[[ Information provided open ]]

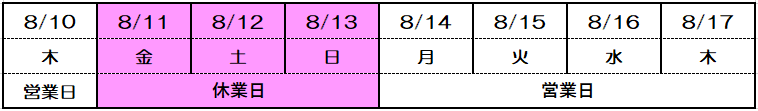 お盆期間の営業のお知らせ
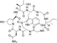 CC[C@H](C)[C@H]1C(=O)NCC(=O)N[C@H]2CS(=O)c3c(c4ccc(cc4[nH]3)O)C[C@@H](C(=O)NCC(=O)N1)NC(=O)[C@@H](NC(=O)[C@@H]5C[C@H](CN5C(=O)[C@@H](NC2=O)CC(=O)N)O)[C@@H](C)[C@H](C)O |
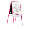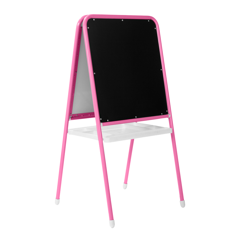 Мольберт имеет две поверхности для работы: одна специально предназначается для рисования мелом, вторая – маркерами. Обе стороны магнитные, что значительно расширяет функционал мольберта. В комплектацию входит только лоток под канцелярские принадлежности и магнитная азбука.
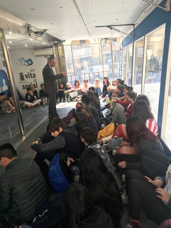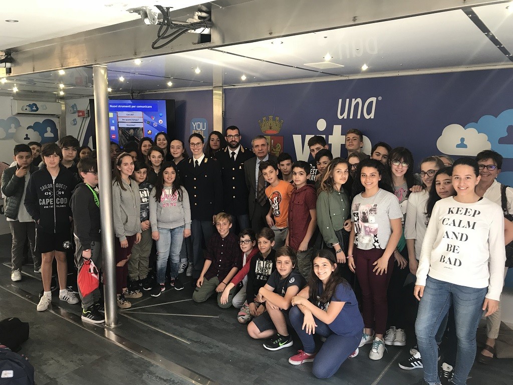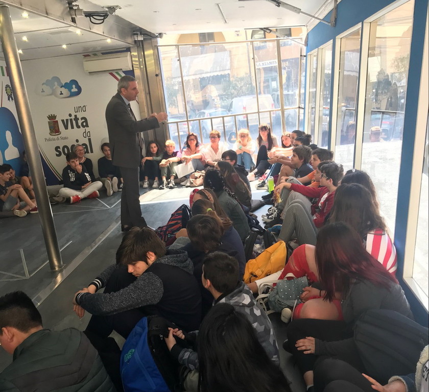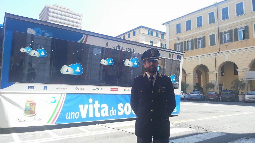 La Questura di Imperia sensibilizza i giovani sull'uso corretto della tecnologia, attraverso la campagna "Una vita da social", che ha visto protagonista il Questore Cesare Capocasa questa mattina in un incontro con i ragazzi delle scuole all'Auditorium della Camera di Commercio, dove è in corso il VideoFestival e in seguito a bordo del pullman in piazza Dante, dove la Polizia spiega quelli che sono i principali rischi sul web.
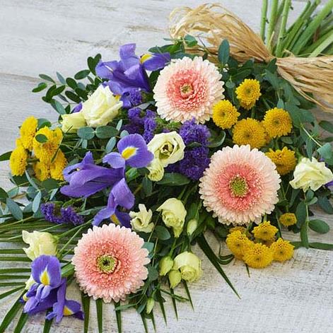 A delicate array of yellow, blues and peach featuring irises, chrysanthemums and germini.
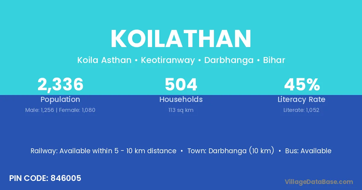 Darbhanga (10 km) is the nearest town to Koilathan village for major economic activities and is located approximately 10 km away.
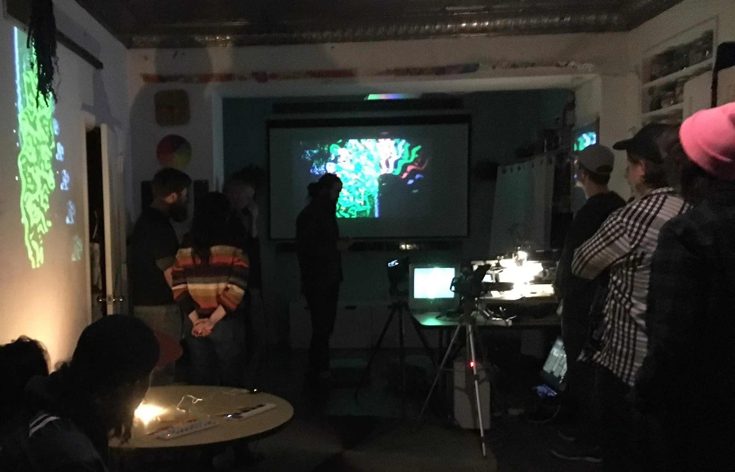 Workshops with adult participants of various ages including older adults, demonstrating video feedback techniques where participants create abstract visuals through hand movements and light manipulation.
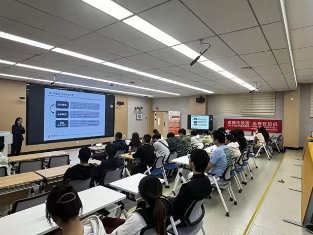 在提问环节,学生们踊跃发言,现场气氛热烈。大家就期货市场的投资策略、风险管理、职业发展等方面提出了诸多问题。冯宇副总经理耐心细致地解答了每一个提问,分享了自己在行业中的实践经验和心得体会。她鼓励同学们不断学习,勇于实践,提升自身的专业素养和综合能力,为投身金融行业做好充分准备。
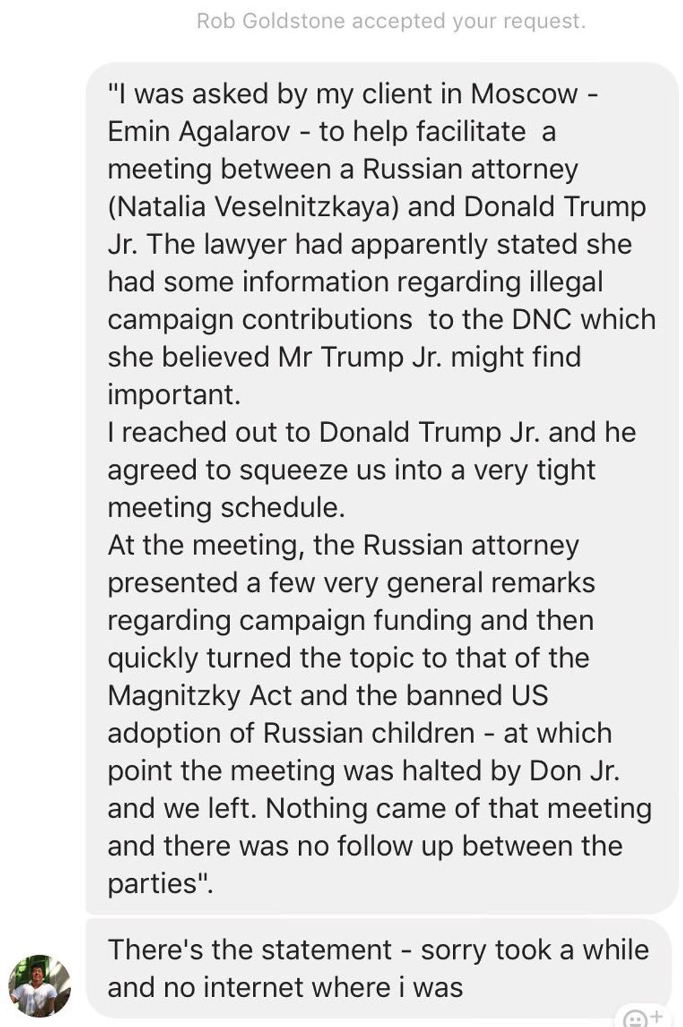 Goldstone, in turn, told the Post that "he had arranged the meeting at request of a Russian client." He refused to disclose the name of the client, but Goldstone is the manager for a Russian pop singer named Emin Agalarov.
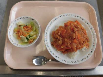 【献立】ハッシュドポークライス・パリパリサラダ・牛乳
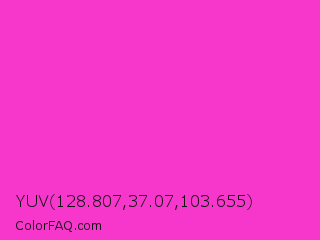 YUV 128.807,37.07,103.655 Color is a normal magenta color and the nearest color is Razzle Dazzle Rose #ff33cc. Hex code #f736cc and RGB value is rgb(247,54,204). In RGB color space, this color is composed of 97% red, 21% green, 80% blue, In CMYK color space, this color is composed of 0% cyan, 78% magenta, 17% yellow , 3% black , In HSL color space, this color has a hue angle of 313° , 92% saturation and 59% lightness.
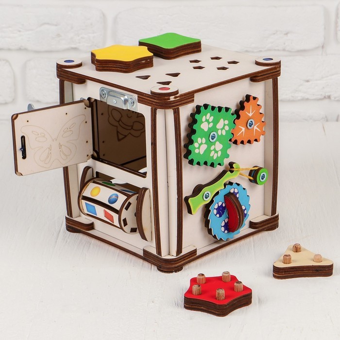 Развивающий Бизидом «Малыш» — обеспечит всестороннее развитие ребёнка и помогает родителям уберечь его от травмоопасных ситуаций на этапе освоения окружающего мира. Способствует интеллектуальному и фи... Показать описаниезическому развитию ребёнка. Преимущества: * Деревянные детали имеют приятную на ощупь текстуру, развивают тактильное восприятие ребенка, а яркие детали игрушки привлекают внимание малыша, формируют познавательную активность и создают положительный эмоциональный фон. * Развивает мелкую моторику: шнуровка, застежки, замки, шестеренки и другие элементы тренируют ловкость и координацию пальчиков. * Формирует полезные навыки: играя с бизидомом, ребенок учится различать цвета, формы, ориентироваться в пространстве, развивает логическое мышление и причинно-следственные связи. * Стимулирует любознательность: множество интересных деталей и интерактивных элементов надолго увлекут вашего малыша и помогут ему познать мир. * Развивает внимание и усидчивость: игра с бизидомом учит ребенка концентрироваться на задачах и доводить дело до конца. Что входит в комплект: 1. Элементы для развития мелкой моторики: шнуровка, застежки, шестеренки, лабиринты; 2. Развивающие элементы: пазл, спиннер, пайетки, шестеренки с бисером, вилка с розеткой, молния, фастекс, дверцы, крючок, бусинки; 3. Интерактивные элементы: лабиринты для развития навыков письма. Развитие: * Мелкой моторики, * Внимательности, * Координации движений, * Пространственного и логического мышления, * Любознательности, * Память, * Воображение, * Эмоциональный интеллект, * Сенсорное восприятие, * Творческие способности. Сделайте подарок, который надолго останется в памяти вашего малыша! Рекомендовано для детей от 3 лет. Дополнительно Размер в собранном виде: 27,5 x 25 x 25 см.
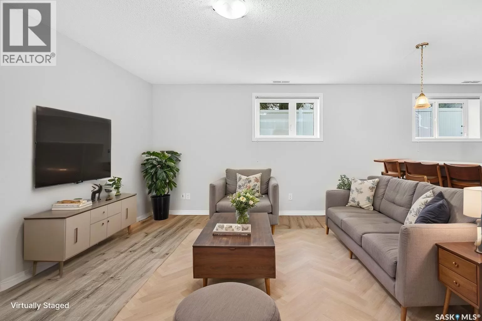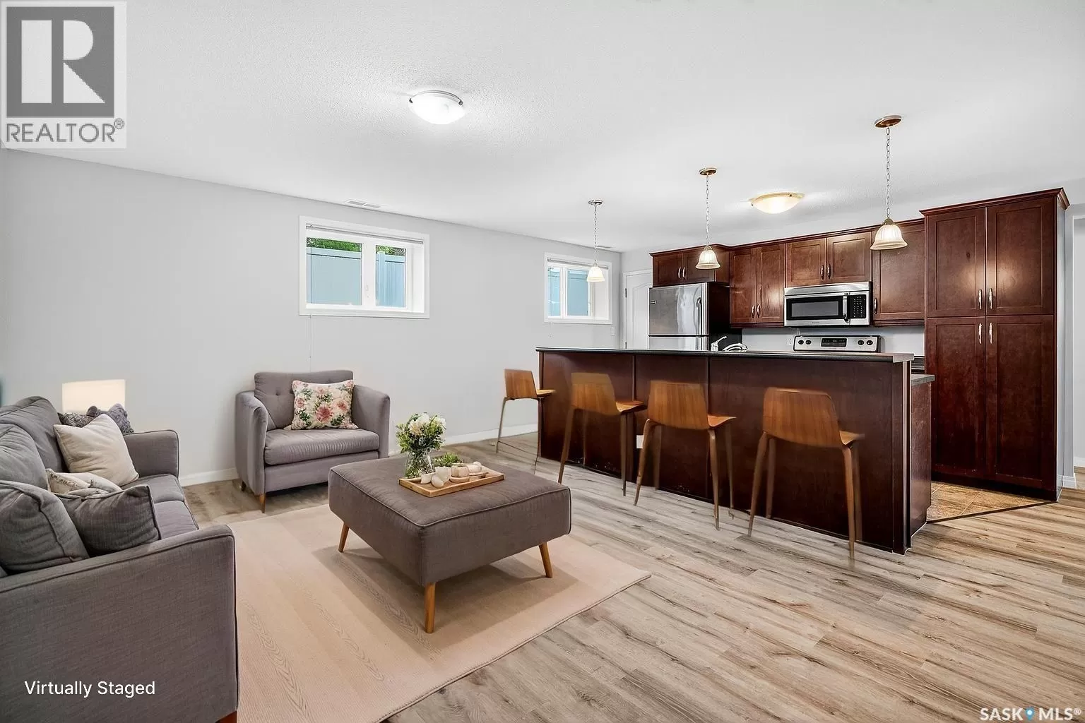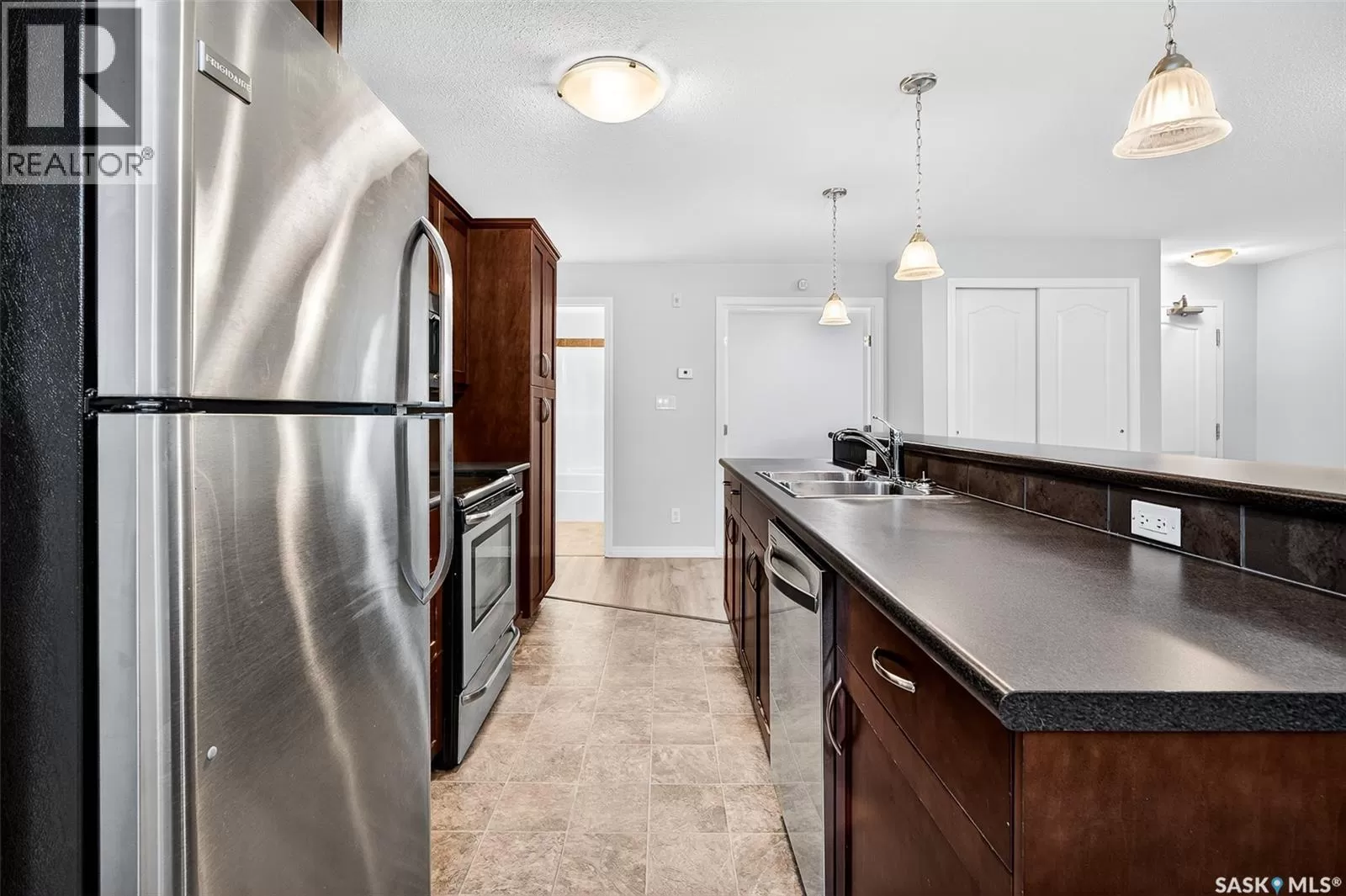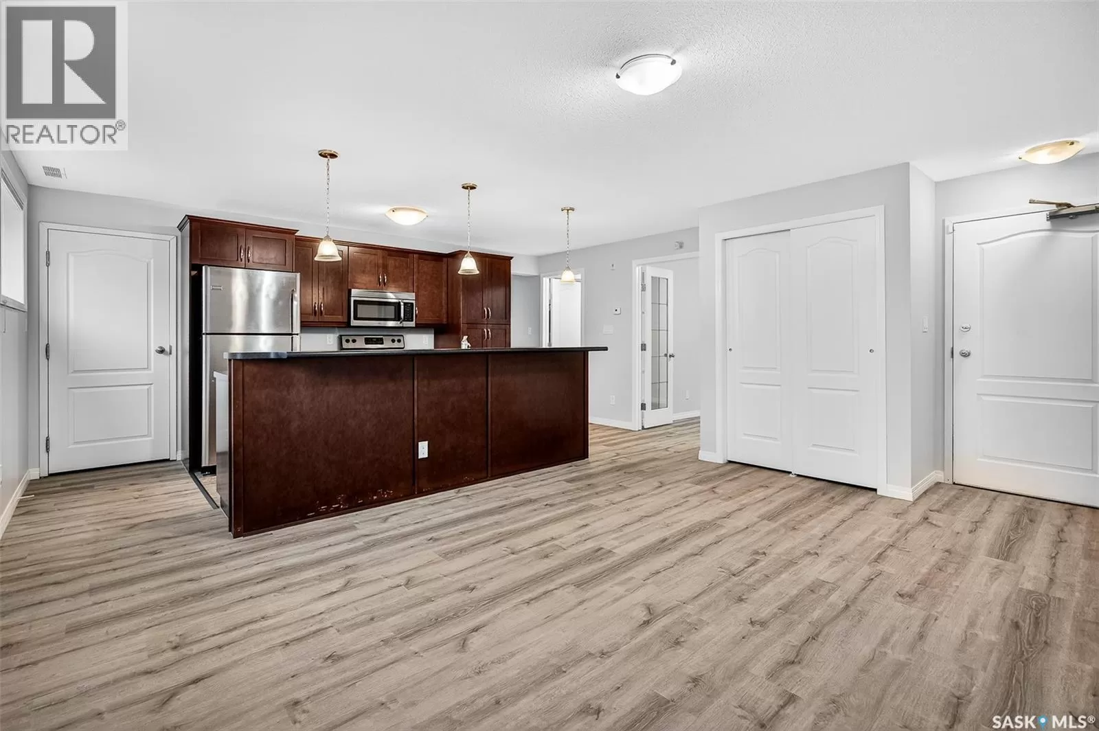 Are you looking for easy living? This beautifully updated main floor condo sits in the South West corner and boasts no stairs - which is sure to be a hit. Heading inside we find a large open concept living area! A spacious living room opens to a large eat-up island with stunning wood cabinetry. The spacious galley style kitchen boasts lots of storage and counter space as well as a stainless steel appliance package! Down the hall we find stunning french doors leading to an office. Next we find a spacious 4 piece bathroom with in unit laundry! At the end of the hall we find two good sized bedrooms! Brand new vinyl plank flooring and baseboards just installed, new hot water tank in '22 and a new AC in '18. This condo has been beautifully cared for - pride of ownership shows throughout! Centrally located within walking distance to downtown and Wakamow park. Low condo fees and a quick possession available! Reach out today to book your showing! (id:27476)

[[ Information provided closed ]]

**How to complete this task**
The images in the entries above should be left out; please reproduce exactly the lines from the first through the one containing "Мольберт имеет две".

**Exercise output**
 お盆期間の営業のお知らせ
 CC[C@H](C)[C@H]1C(=O)NCC(=O)N[C@H]2CS(=O)c3c(c4ccc(cc4[nH]3)O)C[C@@H](C(=O)NCC(=O)N1)NC(=O)[C@@H](NC(=O)[C@@H]5C[C@H](CN5C(=O)[C@@H](NC2=O)CC(=O)N)O)[C@@H](C)[C@H](C)O |
 Мольберт имеет две поверхности для работы: одна специально предназначается для рисования мелом, вторая – маркерами. Обе стороны магнитные, что значительно расширяет функционал мольберта. В комплектацию входит только лоток под канцелярские принадлежности и магнитная азбука.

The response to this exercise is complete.